→ RECORDS FOR THIS TASK:
────

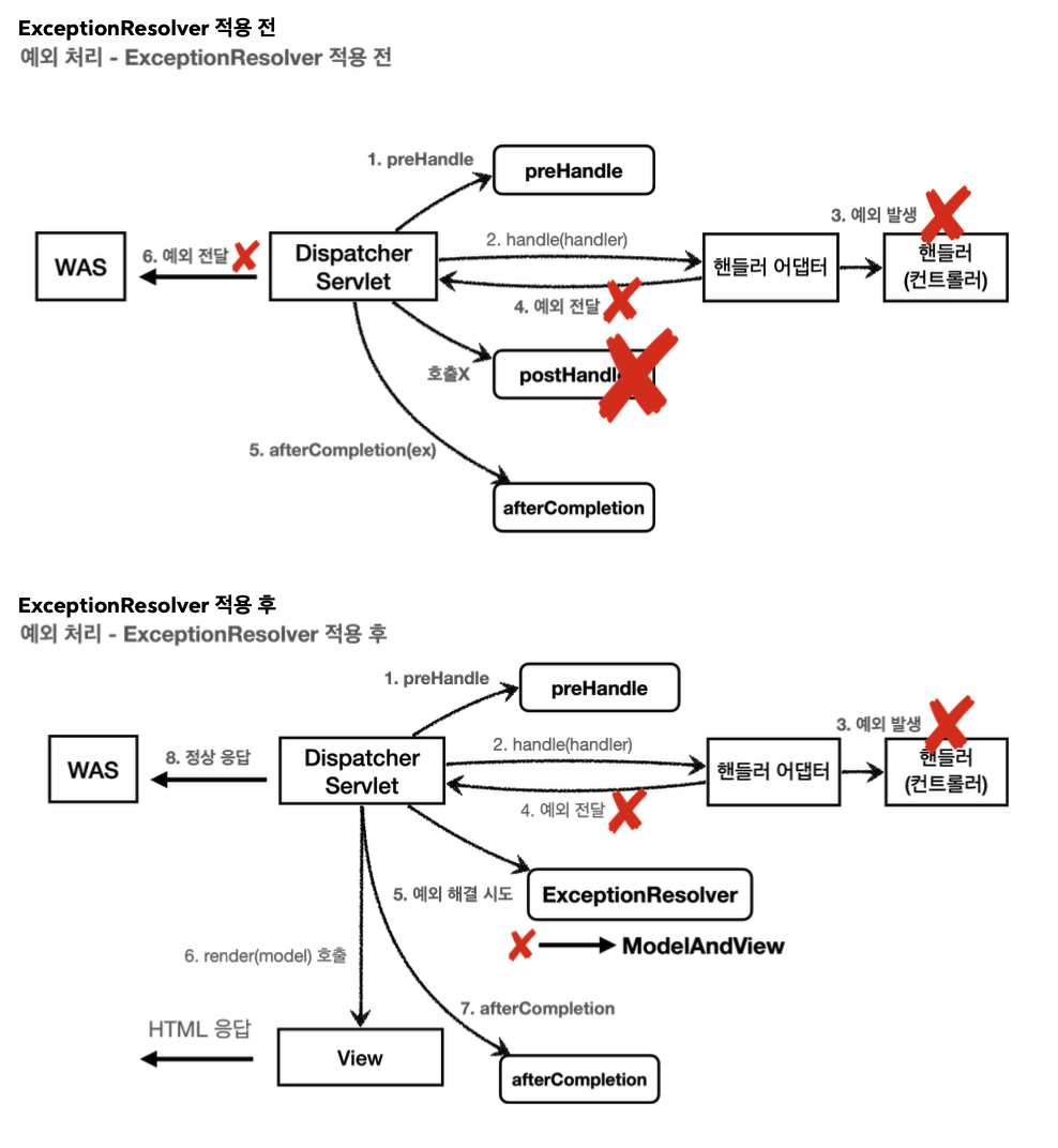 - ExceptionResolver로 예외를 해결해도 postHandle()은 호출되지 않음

────

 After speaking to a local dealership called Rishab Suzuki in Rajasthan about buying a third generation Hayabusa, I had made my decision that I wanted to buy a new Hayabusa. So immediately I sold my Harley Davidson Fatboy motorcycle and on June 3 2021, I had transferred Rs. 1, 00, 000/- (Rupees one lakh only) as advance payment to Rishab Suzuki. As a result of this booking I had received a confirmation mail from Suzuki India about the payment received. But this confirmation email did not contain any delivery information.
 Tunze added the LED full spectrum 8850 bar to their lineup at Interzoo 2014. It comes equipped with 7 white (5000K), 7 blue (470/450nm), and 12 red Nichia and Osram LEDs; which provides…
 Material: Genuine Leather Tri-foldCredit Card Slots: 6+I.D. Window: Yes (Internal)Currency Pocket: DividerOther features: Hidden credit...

────

→ PROBLEM REQUIREMENTS: Precisely the lines between those holding "Tunze added the" and "Material: Genuine Leather", inclusive, are to be reproduced from the listing above, with nothing added.

→ EXERCISE SOLUTION:
 Tunze added the LED full spectrum 8850 bar to their lineup at Interzoo 2014. It comes equipped with 7 white (5000K), 7 blue (470/450nm), and 12 red Nichia and Osram LEDs; which provides…
 Material: Genuine Leather Tri-foldCredit Card Slots: 6+I.D. Window: Yes (Internal)Currency Pocket: DividerOther features: Hidden credit...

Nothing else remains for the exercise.